FOR THE WHEELS TO NULLIFY by BRENT RYDIN

STORM I lost my shoes in Greensburg, Kansas. The earth was rutted out in ways nobody could see, and I'd expected something solid there beneath the mud but there was just more mud, up to the knees. Everyone else had just gone around it, but I trudged through. My then-newly-ex girlfriend took a picture of a street-number on the curb and a front path leading into weeds and dirt and sky, and someone commented online a year or so later, "That's where my parents' house used to be." I threw my socks in a garbage can and rolled up the cuffs of my jeans.

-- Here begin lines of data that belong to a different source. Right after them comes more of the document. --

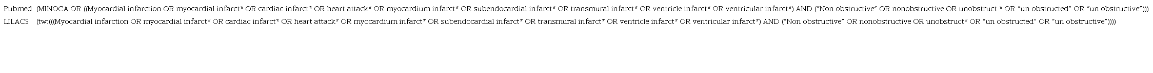 This study is a systematic review conducted based on PRISMA guidelines. Two databases, PubMed and LILACS, were used for the initial search of articles containing relevant data related to MINOCA. The searches consisted of text terms and controlled vocabulary such as MeSH, as shown in Table 1 . Terms related to the type of article or study design were not included in the search. At this stage, 619 eligible articles were obtained.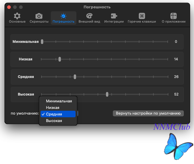 Настройте свой уровень • В строке меню вы можете настроить уровень допуска — от нуля до высокого. Это поможет вам уловить самые тонкие элементы, такие как тени и эффекты градиента. Вы также можете полностью настроить Pixel Snap в соответствии с тем, как вы его используете, включая наложения, такие как цвета, темы и ярлыки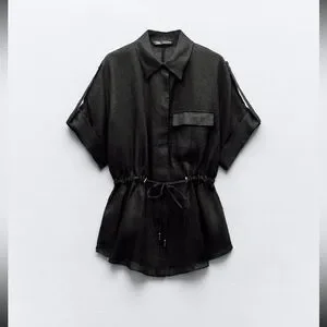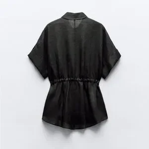 Lapel collar shirt with short turned-up sleeves.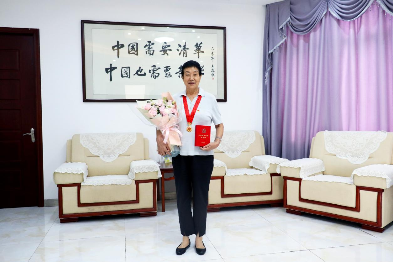 于凤兰(左)获颁奖章后与学校党委书记周云(右)合影(2022.7.1)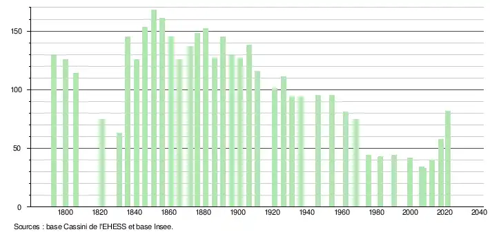 L'évolution du nombre d'habitants est connue à travers les recensements de la population effectués dans la commune depuis 1793. Pour les communes de moins de 10 000 habitants, une enquête de recensement portant sur toute la population est réalisée tous les cinq ans, les populations légales des années intermédiaires étant quant à elles estimées par interpolation ou extrapolation[29]. Pour la commune, le premier recensement exhaustif entrant dans le cadre du nouveau dispositif a été réalisé en 2007[30].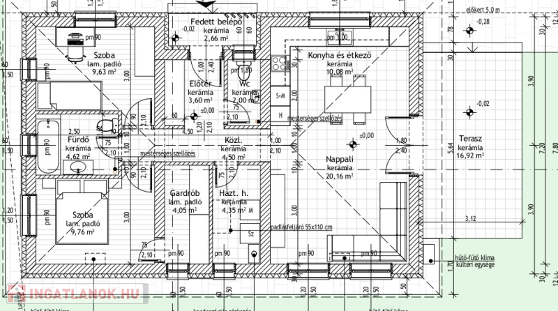 A ház korszerű műszaki tartalommal rendelkezik: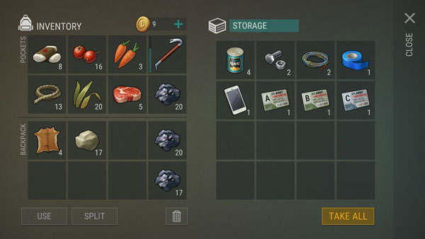 npc:衣服、武器、工具、背包、身份卡、食物、资源
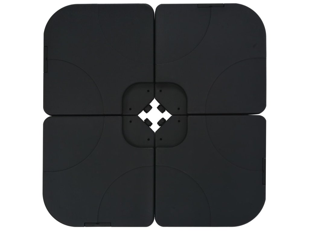 Dodatečný podstavec se skládá ze čtyř samostatných částí a lze jej naplnit 60 litry vody nebo 80 kg písku. Skvěle se hodí pro slunečníky s křížovou základnou. Pokud podstavec vyprázdníte, je velice lehký a dá se tedy snadno přenášet.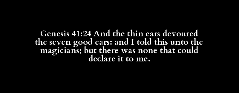 Genesis 41:24 And the thin ears devoured the seven good ears: and I told this unto the magicians; but there was none that could declare it to me.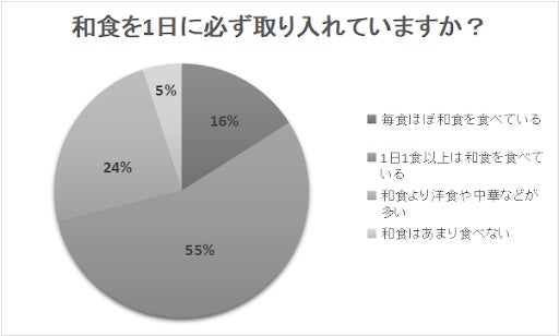 ただ、「和食より洋食や中華などが多い」と答えた人が24%、「和食はあまり食べない」と答えた人も5%と和食から少し離れた食生活を送っている人も一定数いることがわかりました。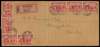 1d carmine pair, strip of three and two singles on registered envelope. Registered Bulawayo SCs MY 30 12. Vertical fold and some wear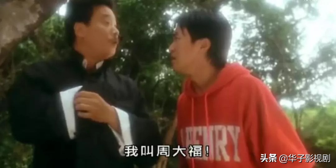 爷孙俩相认后,周大福带着星爷一起往家走,不料路上碰到两大黑社会性质犯罪组织互砍。可能是看星爷不顺眼,其中一个黑道大哥连星爷一起砍,还好星爷不是吃素的,使出一招隔山打牛一拳将其击毙。强尼一看,不秃头没金链,纹身还没外露,冒充啥社会大哥,不打你打谁!
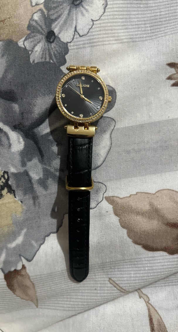 Klasik zarafette, koyu siyah deri kayışlı, tokalı, altın renkli taşlı yuvarlak kasalı kadın kol saati.️

We drove down these long stretches of road, through cows and sky and Oklahoma and Texas and Kansas, at 100 mph while everyone else was driving the opposite direction. We were in the van, all staring at a red splotch on a satellite screen in the dashboard and I wondered if tornadoes spun the other way around in Australia. We went to the university where one of the guys worked and he talked about weather balloons and we drove down a street named for the Flaming Lips and I ate chicken-fried steak and we watched as a barn turned into an airborne swirl of planks and hay in a minute flat.

She and I lay as far as we could from each other, on top of polyester motel bed covers pulled tight, me facing the wall and her facing my back. I could feel her hand stretching out, just barely. "I think I'll take the couch, actually," I said.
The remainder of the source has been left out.